To arrive at a suitable data set, the corpus data was POS-tagged by implementing a maximum entropy part-of-speech tagger to enable the extraction of adjectives. For each adjective, it was determined whether or not is was amplified and which type of amplifier occurred before a given adjective. To zero in on the variable context, only adjectives that were amplified by a minimum of two distinct amplifier types were considered. Comparative and superlative forms as well as negated adjectives were removed from the analysis.

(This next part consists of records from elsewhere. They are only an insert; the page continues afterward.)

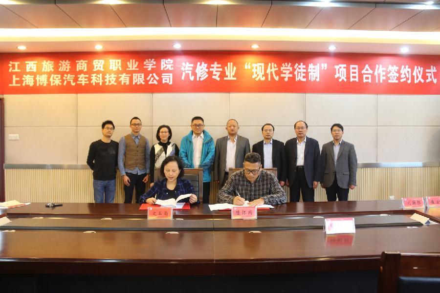 10月28日上午10点,我校和上海博保汽车科技有限公司校企合作开展汽修专业“现代学徒制”项目签约仪式在行政楼三楼会议室举行。校长助理文玉菊、上海博保汽车科技有限公司总经理陈怀国分别代表校企双方签字。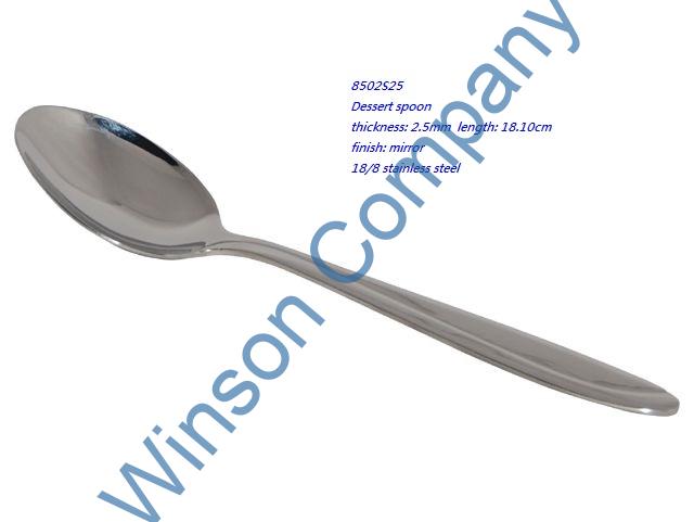 8502S25-Dessert spoon ← Previous Next → 8502S25 Dessert spoon thickness: 2.5mm length: 18.10cm finish: mirror 18/8 stainless steel
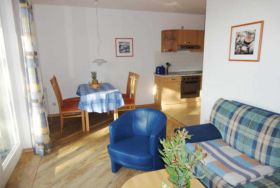 Die 2 Zimmer Ferienwohnung verfügt über ein Wohnzimmer mit einer Couch und einem Fernseher, eine offene Küche mit einem Backofen, einem Geschirrspüler und einem Kühlschrank, ein Schlafzimmer mit einem Doppelbett und einem Kleiderschrank sowie über ein Bad mit Dusche / WC. Zu der Ferienwohnung gehören außerdem ein PKW-Stellplatz und ein Balkon.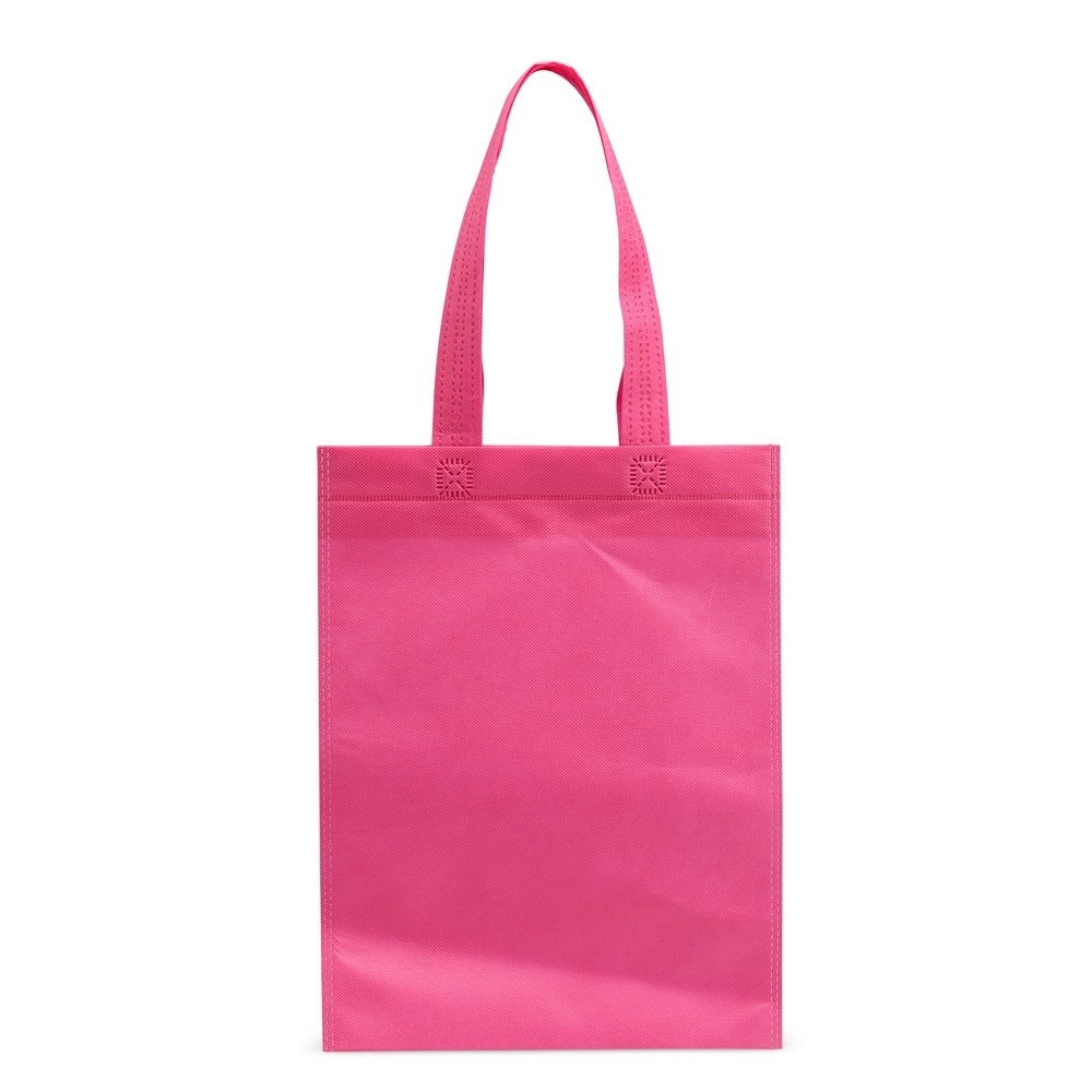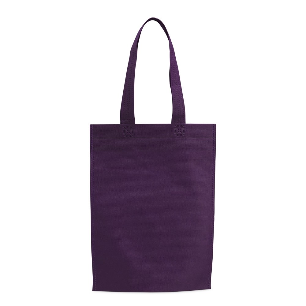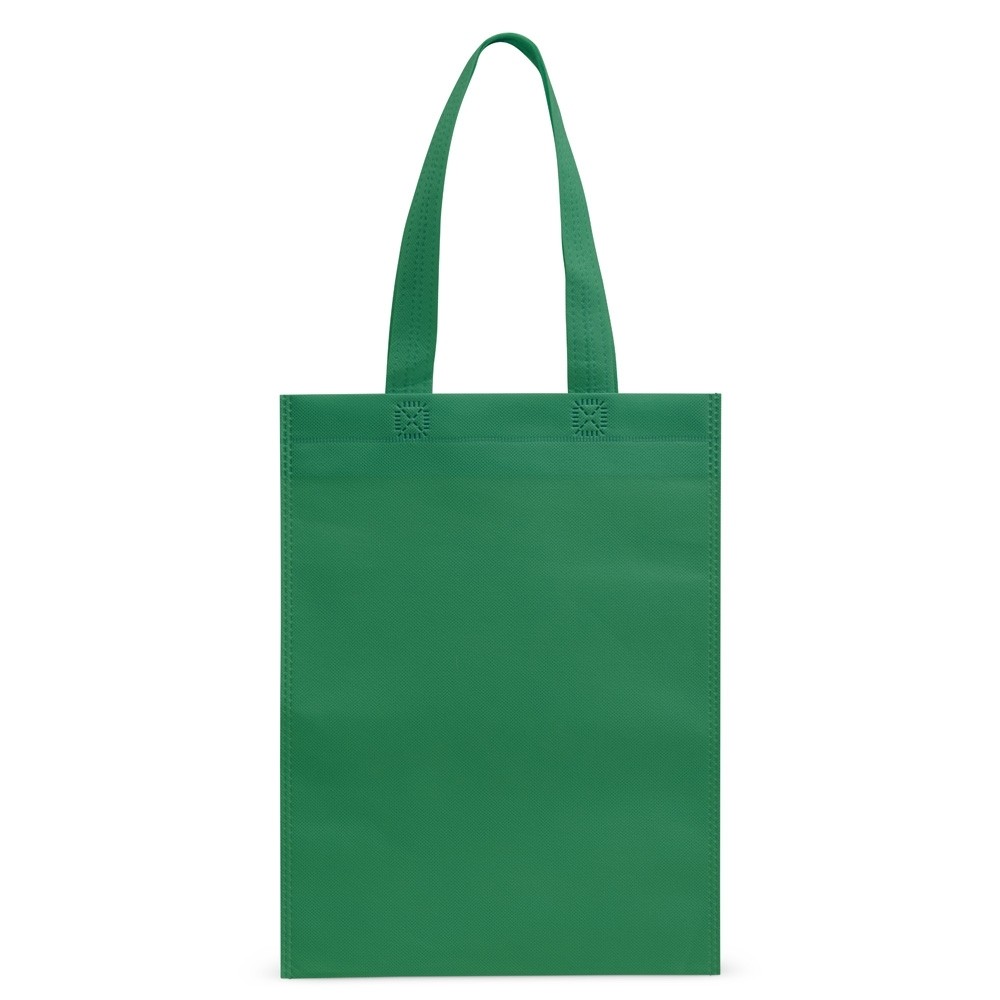 Sacola confeccionada em TNT resistente à água e costura termosselada.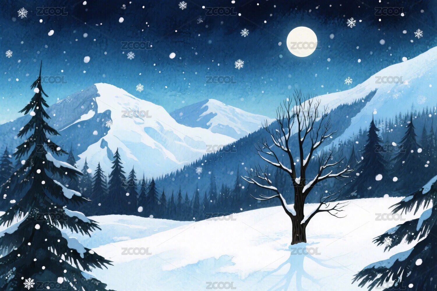 雪景,冬季,雪地,山脉,树木,松树,月亮,星空,夜空,插画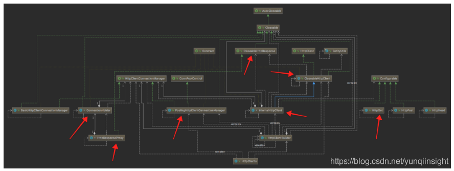CloseableHttpClient是一个抽象类,我们通过HttpClients.createDefault()创建的实际是它的子类InternalHttpClient。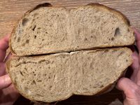 leider ist mein Brot nicht so gelungen. Es sieht aus wie ein Regenwurm🙄 Da mein Teig so weich war (hab für mein Mehl zu viel Wasser genommen) , wollte ich ein Wurzelbrot aus zwei Strängen formen. Das war wohl keine gute Idee, denn das Brot hat Wasserstreifen bekommen und ist sehr kompakt. Es stand zu lange auf der Gare, weil der Ofen belegt war. Der Geschmack ist ansonsten prima.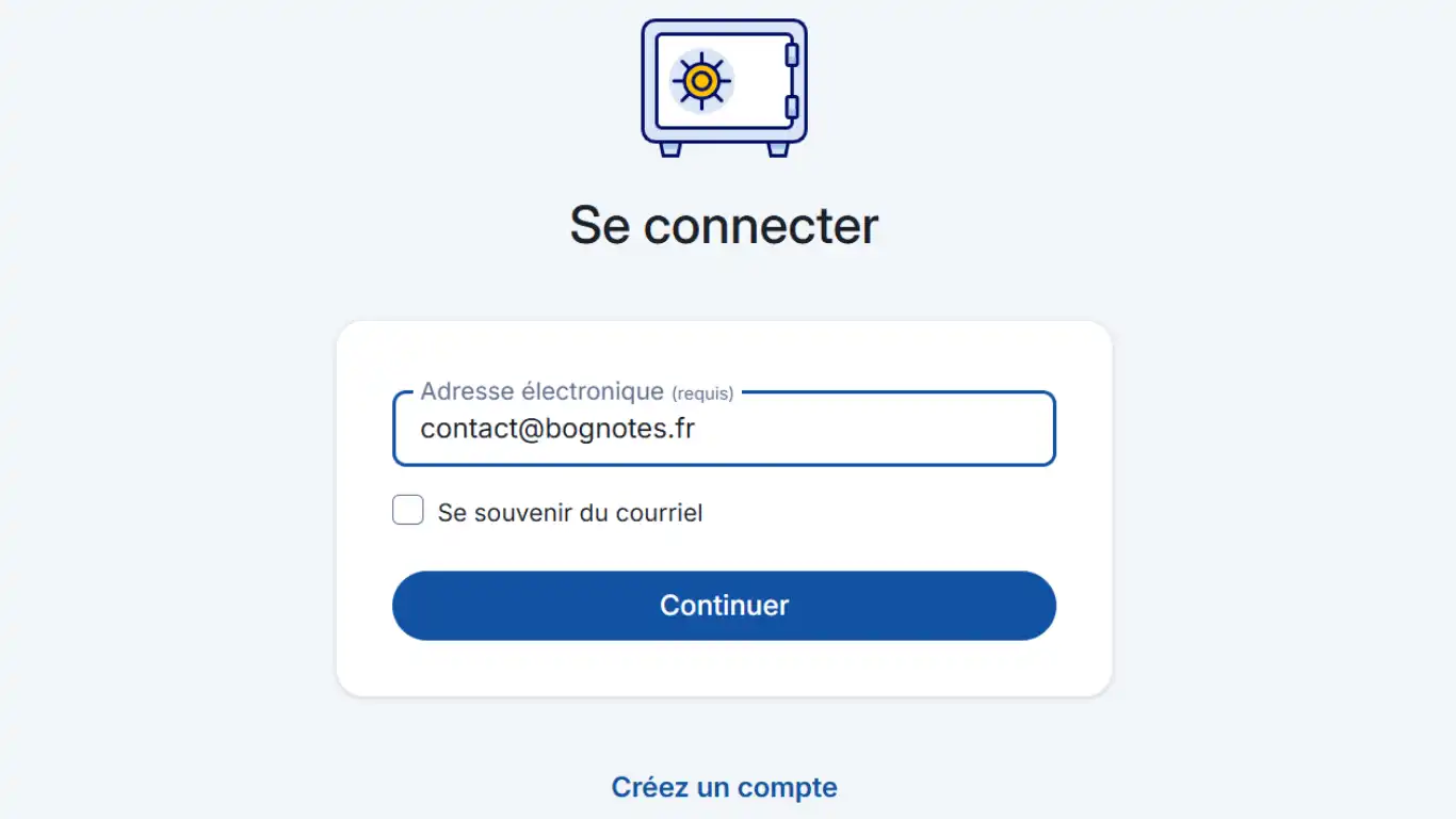Et, l'adresse courriel indiquée à la création du compte. Puis Continuer.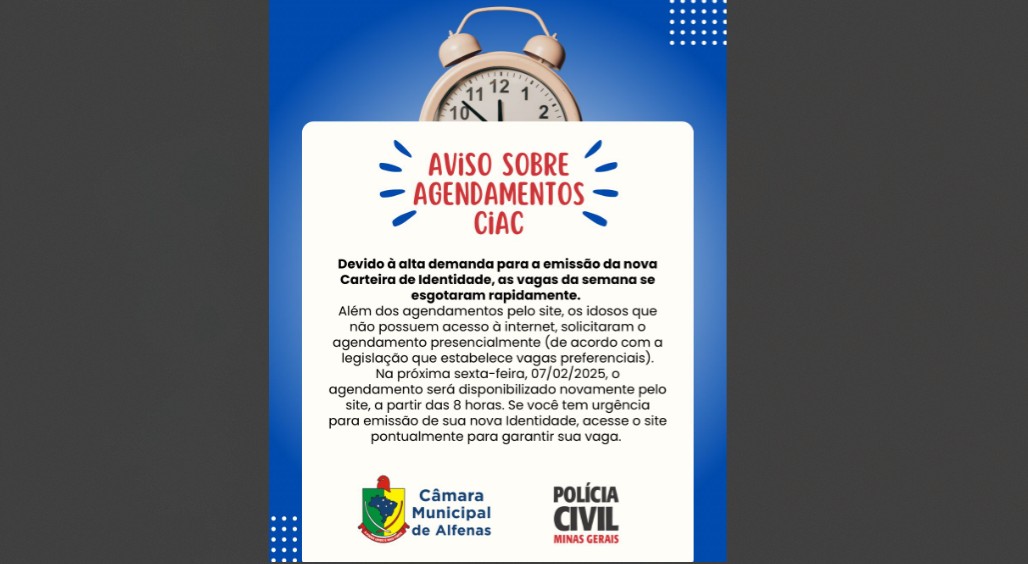 O CIAC passou a operar na Escola do Legislativo, em uma parceria entre a Câmara Municipal de Alfenas e a Polícia Civil, responsável pela emissão do documento. No último dia 17, em um café com a imprensa, o presidente da Câmara, Matheus Paccini (PDT), informou que há uma demanda represada e que a expectativa é que isso seja corrigido gradualmente.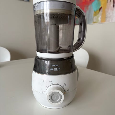 Barnematmaskin fra Philips Avent. Den er godt brukt og det syntes, men maskinen fungerer fortsatt utmerket. Føler også med en beholder for å varme opp mat man har laget tidligere.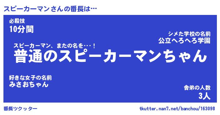 | ヘコむあだ名 | 『スピふぇ~』『牛乳』『スピっぺ』 |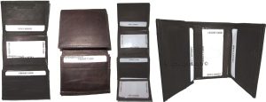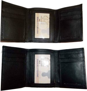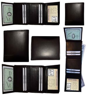 $15.95man's trifold Leather wallet 1 ID window 9 card 2 bill slots new wallet . Description:This man's fine quality soft calf skin leather wallet would make a nice gift for that special someone that has it all, or treat yourself to it. This trifold man's wallet is a full size wallet with ID window and...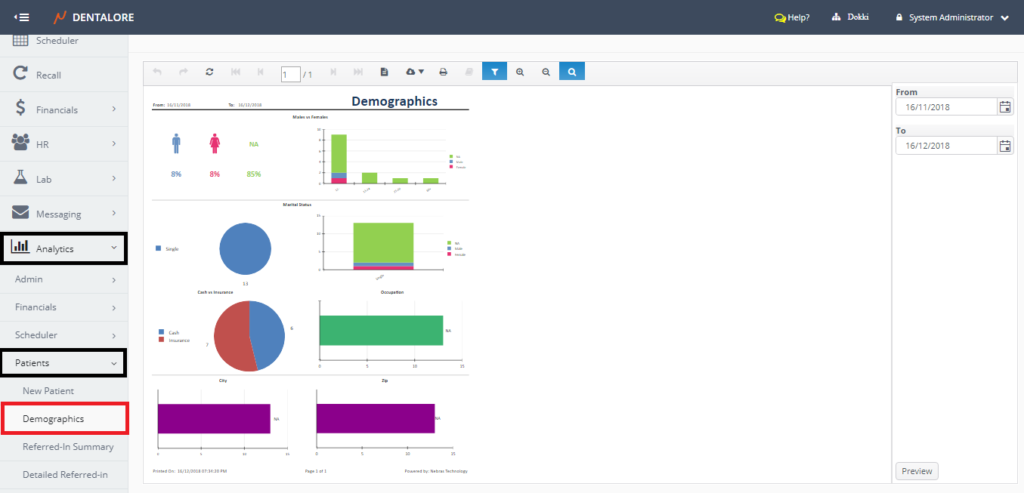 - The bar chart displays the total number of all patients whose marital status are displayed in pie chart, according to their gender within the selected date range.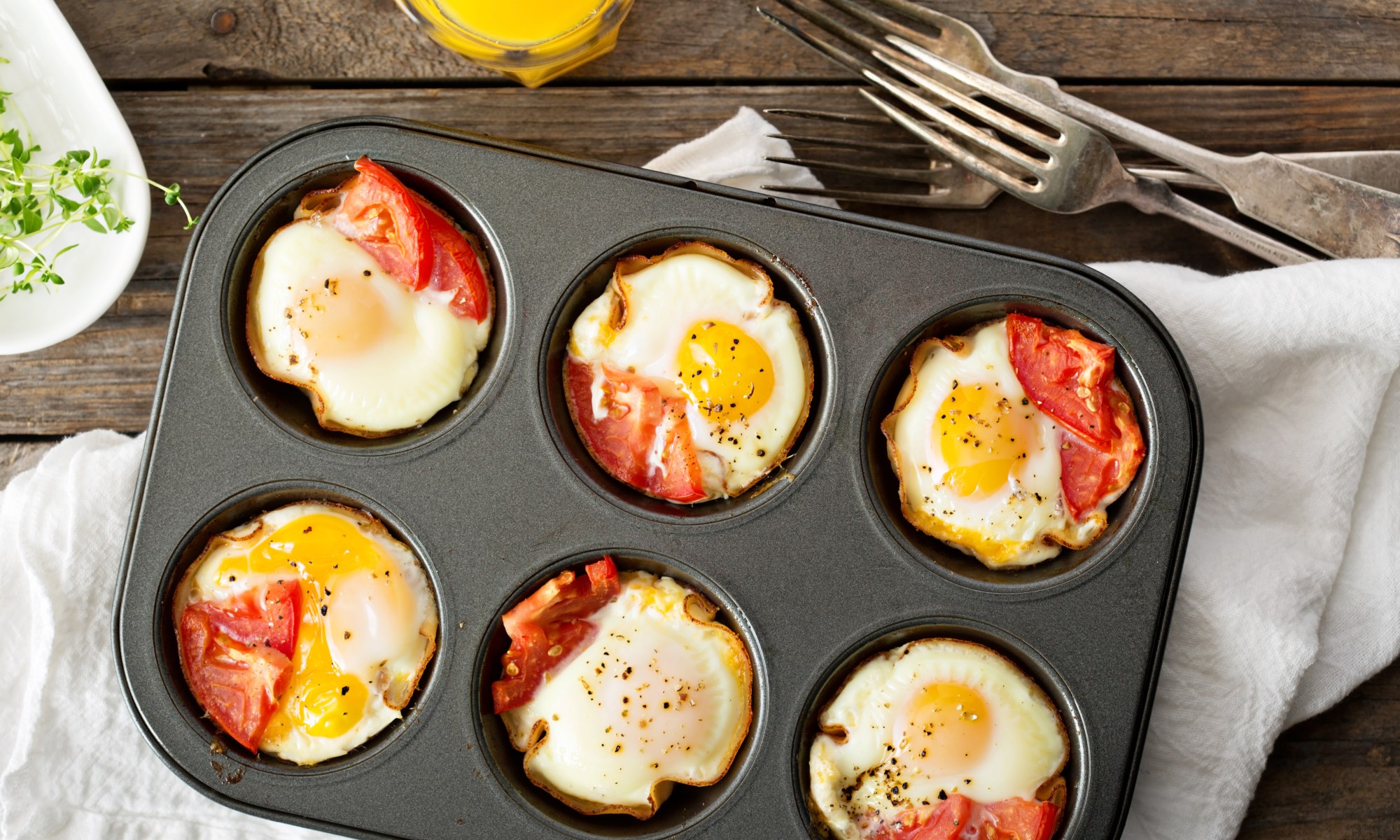 Elde ettiğiniz karışımı muffin kaplarına dökün ve ortasında boşluk açın. Yumurtaları boşluğa nazikçe kırın. Erimiş tereyağıyla muffinleri yağlayın. 20 dakika kadar pişirin. Servis etmeden önce 5 dakika soğumalarını bekleyin ve afiyetle yiyin.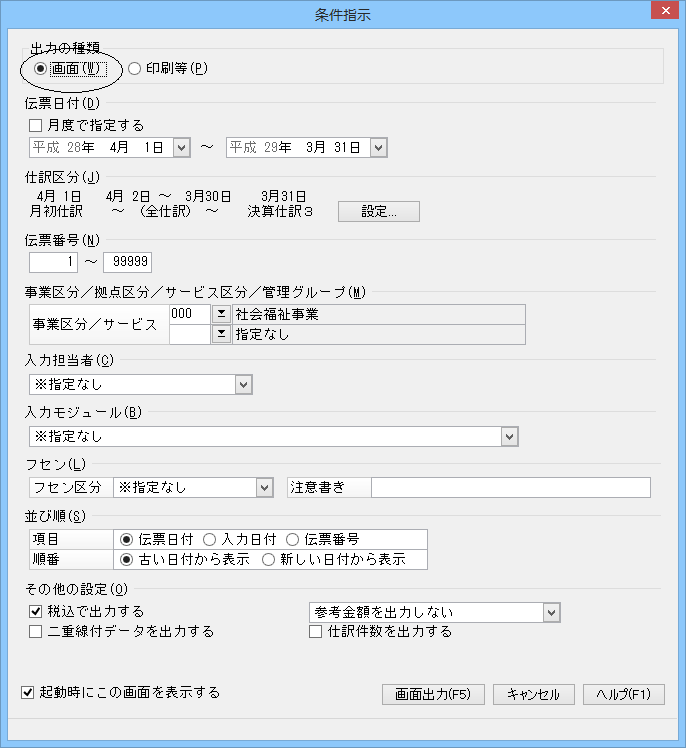 ツールバーの[集計条件]ボタンをクリックすると、「条件指示」画面が表示され、詳細な条件指示を行うことができます。「出力の種類」で“画面”を選択し、[画面出力]ボタンをクリックします。

Aside from investigating the apparent time distribution of amplifiers types, mixed-effects binomial regression models as well as Boruta analyses were applied to evaluate social, psycholinguistic, and intra-linguistic factors the affect amplifier use. The analysis aims to add to our understanding of how an innovative amplifier manages to outcompete rival variants. The underlying hypothesis proposed in this paper is that successful amplifiers attach predominantly to high-frequency adjectives which leads to an increase in the token frequency of that amplifier variant. This increased token frequency causes the amplifier type to become more deeply entrenched which provides the amplifier with an advantage over rival variants as more deeply entrenched forms are easier to retrieve.

The results of the statistical analyses confirm that successful amplifier variants do indeed significantly colllocate with high frequency adjectives – thus substantiating the proposed cognitive mechanisms which uses entrenchment to explain the trajectories of the observable ongoing changes.


References

Ito, R. and Tagliamonte, S. 2003. Well weird, right dodgy, very strange, really cool: Layering and recycling in English intensifiers. Language in Society 32: 257-279.

Quirk, R., Greenbaum, S., Leech, G., and Svartvik, J. 1985. A Comprehensive Grammar of the English Language. London & New York: Longman.